9. Chapter Summary & Connections

  • The growth hierarchy O(1) < O(log n) < O(n) < O(n log n) < O(n²) < O(2ⁿ) < O(n!) is strict: every entry eventually dominates all entries to its left, regardless of constant factors.

  • O, Ω, Θ notation provides the vocabulary to state growth comparisons precisely.
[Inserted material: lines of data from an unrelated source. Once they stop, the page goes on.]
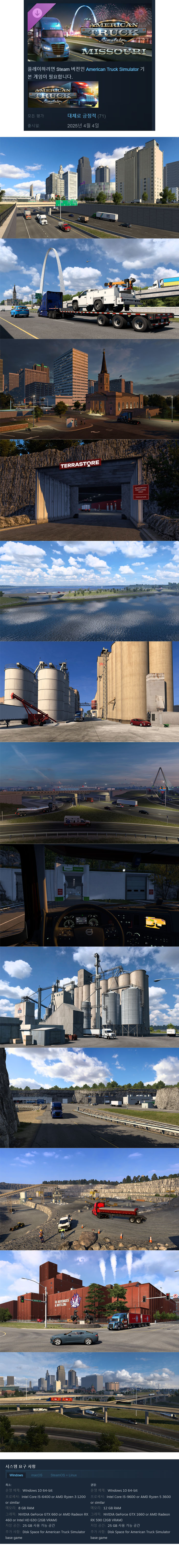 [무설치] 아메리칸 트럭 시뮬레이터2-미주리 주V1.54.2.6 한글
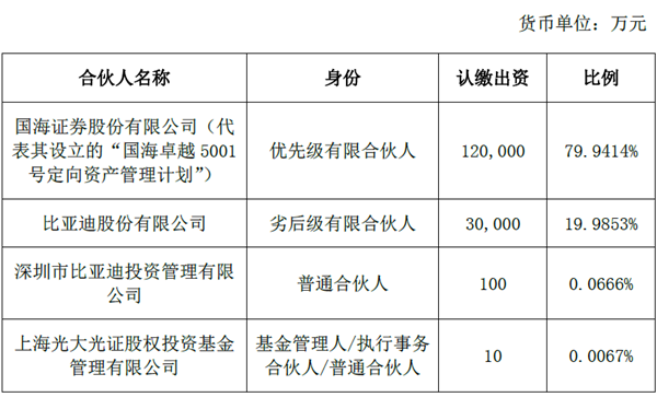 公告顯示,投資基金規(guī)模為人民幣150,110萬元,其中深圳市比亞迪投資管理有限公司認(rèn)繳出資人民幣100萬元;上海光大光證股權(quán)投資基金管理有限公司認(rèn)繳出資人民幣10萬元;比亞迪股份有限公司認(rèn)繳出資人民幣30,000萬元;國海證券股份有限公司認(rèn)繳出資人民幣120,000萬元;基金管理人為上海光大光證股權(quán)投資基金管理有限公司。
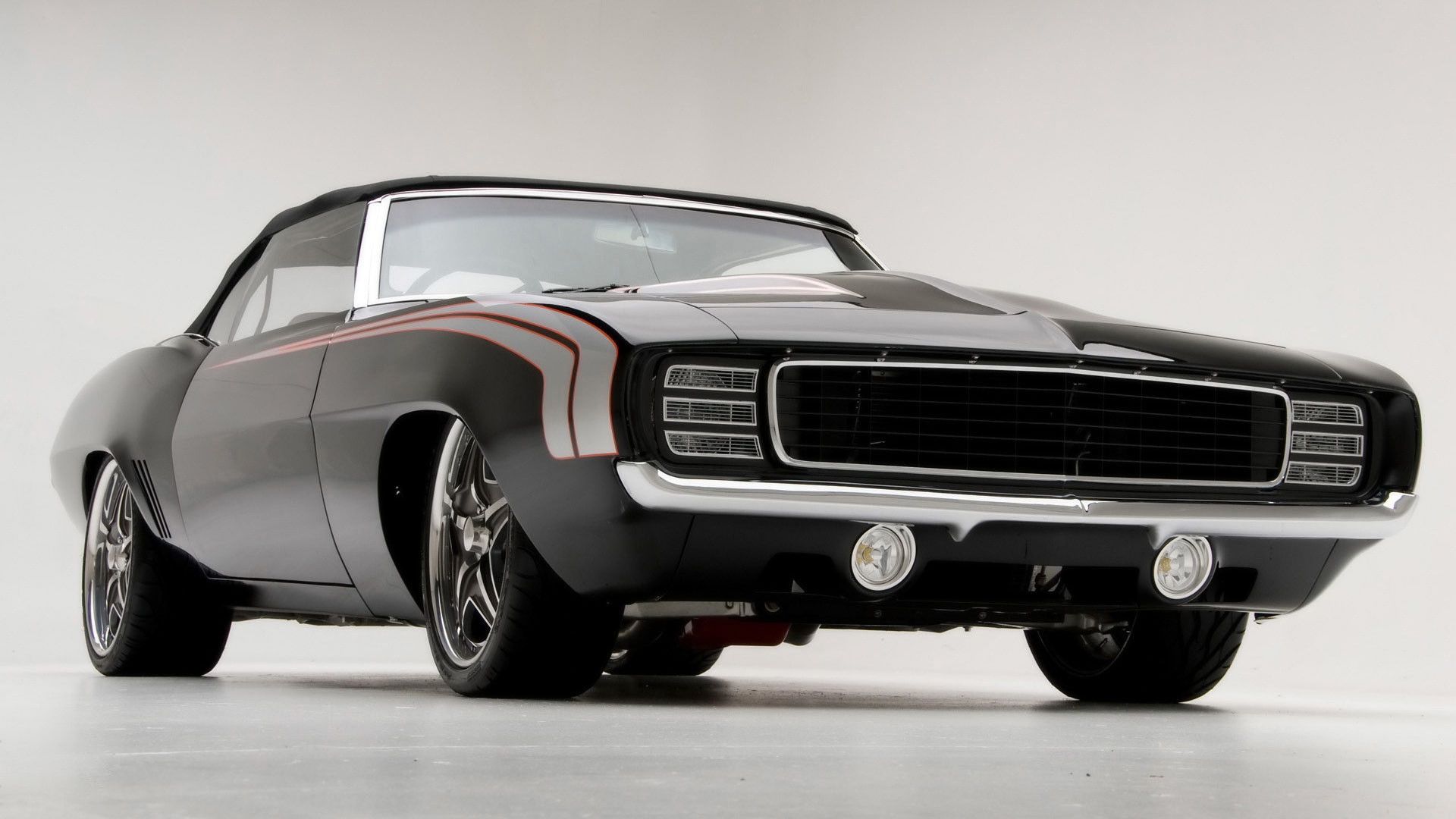Description: A black and white muscle car with a red stripe on it's side and a white background behind it.

The limit test lim f/g identifies the relationship cleanly.

  • Stirling’s approximation n! ≈ √(2πn)(n/e)^n shows that factorial growth has an exponent that itself grows — placing it above any fixed exponential.

  • Empirical complexity measurement via log-log slope fitting is a practical tool for characterizing black-box algorithms.

Backward connection: This chapter synthesizes the growth behavior from ch042 (Exponential Growth), the scale intuition from ch044 (Logarithmic Scales), and the exponent arithmetic from ch041 (Exponents and Powers) into a single comparative framework.

Forward connections:

  • ch047 (Orders of Magnitude) applies this hierarchy to physical and computational scale — connecting growth rates to real measurements.

  • The asymptotic notation introduced here is used throughout Part VI (Linear Algebra) to analyze matrix multiplication cost — O(n³) naive vs O(n^{2.37}) for Strassen-type algorithms.

  • The factorial count of permutations connects to ch253 (Probability Rules) — n! is the number of ways to arrange n items, the foundation of combinatorics.

Going deeper: Introduction to Algorithms (CLRS), Chapter 3 — the standard reference for asymptotic notation. The appendix contains the full proof that n^k = o(a^n) for a > 1.